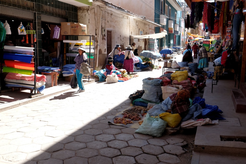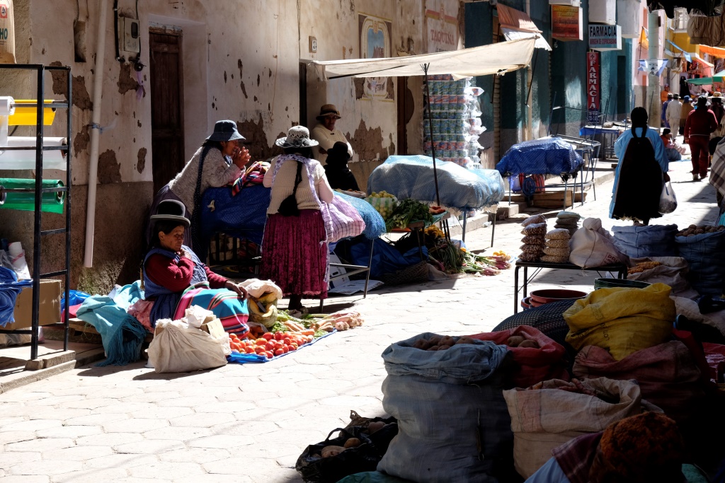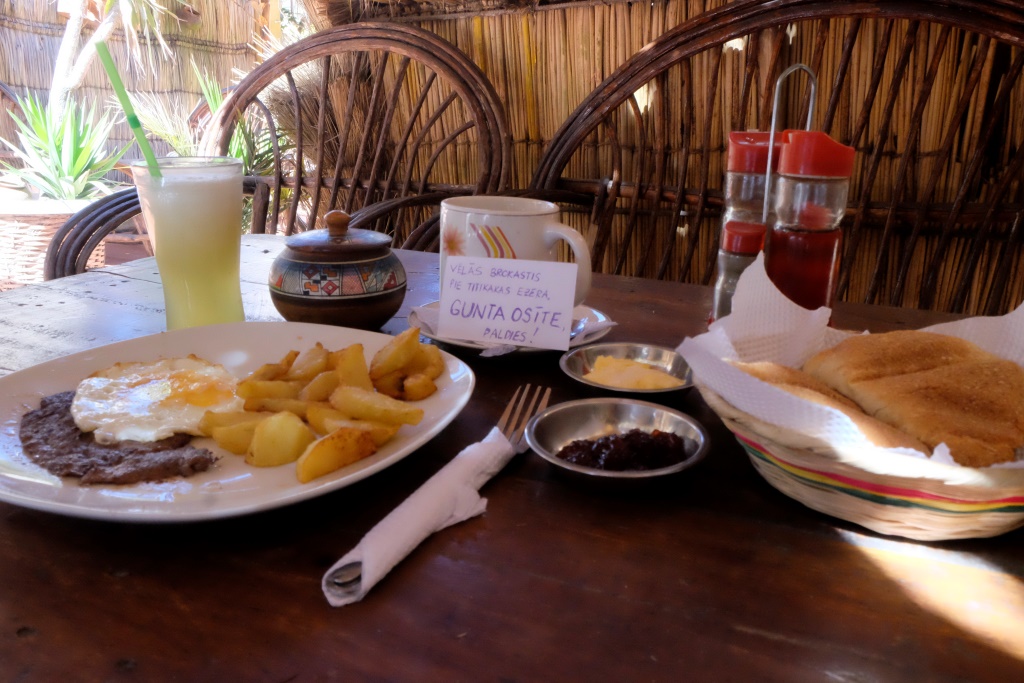 No rīta viss izskatās priecīgāk, arī Copacabana. Izstaigāju nelielo pilsētiņu, sabildēju tirgu un baznīcu, tad dodos ieturēt vēlas brokastis. Salīdzinoši dārgais hostelis tādas nepiedāvāja, attiecīgi esmu izbadējusies un nolēmusi izmantot Guntas Osītes novēlējumu – apēst vienas kārtīgas brokastis. Tādas arī pasūtu un kopā ar melnbaltu kaķi pieēdamies pēc pilnas programmas. Paldies, Gunta!
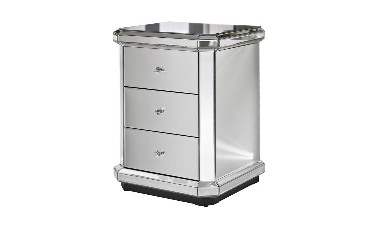Сдержанная по форме, но эффектная в исполнении зеркальная тумбочка — выбор покупателей с воображением и художественным вкусом. Отражающая поверхность взаимодействует с окружающими предметами, создавая необычный акцент в интерьере. Три вместительных ящика предназначены для хранения самых разных вещей: от косметики до белья. На фото зеркальная тумбочка смотрится просто изумительно, но в реальности она выглядит еще роскошнее. Красивые хрустальные ручки добавляют изысканности и шарма. Тумба прекрасно сочетается практически со всеми видами мебели и декора, а также различными вариантами текстиля.
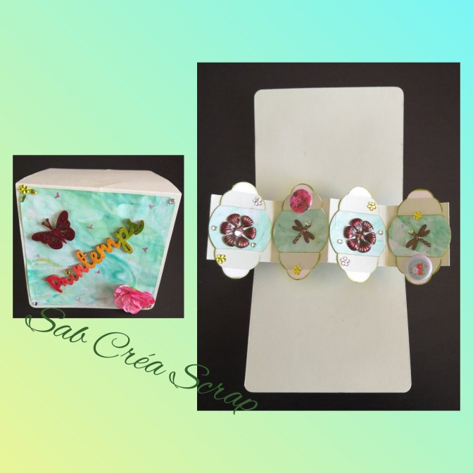 Il fallait réaliser une carte Twist Pop-up sur le thème du printemps et un Fliptag sur le thème des 4 saisons.

__________________________________________________

**Instructions for the task**
Leave the pictures out and retype only the lines from the line with "Сдержанная по форме, но" through the final line of the material, both ends included, word for word.

**Finished task**
Сдержанная по форме, но эффектная в исполнении зеркальная тумбочка — выбор покупателей с воображением и художественным вкусом. Отражающая поверхность взаимодействует с окружающими предметами, создавая необычный акцент в интерьере. Три вместительных ящика предназначены для хранения самых разных вещей: от косметики до белья. На фото зеркальная тумбочка смотрится просто изумительно, но в реальности она выглядит еще роскошнее. Красивые хрустальные ручки добавляют изысканности и шарма. Тумба прекрасно сочетается практически со всеми видами мебели и декора, а также различными вариантами текстиля.
 Il fallait réaliser une carte Twist Pop-up sur le thème du printemps et un Fliptag sur le thème des 4 saisons.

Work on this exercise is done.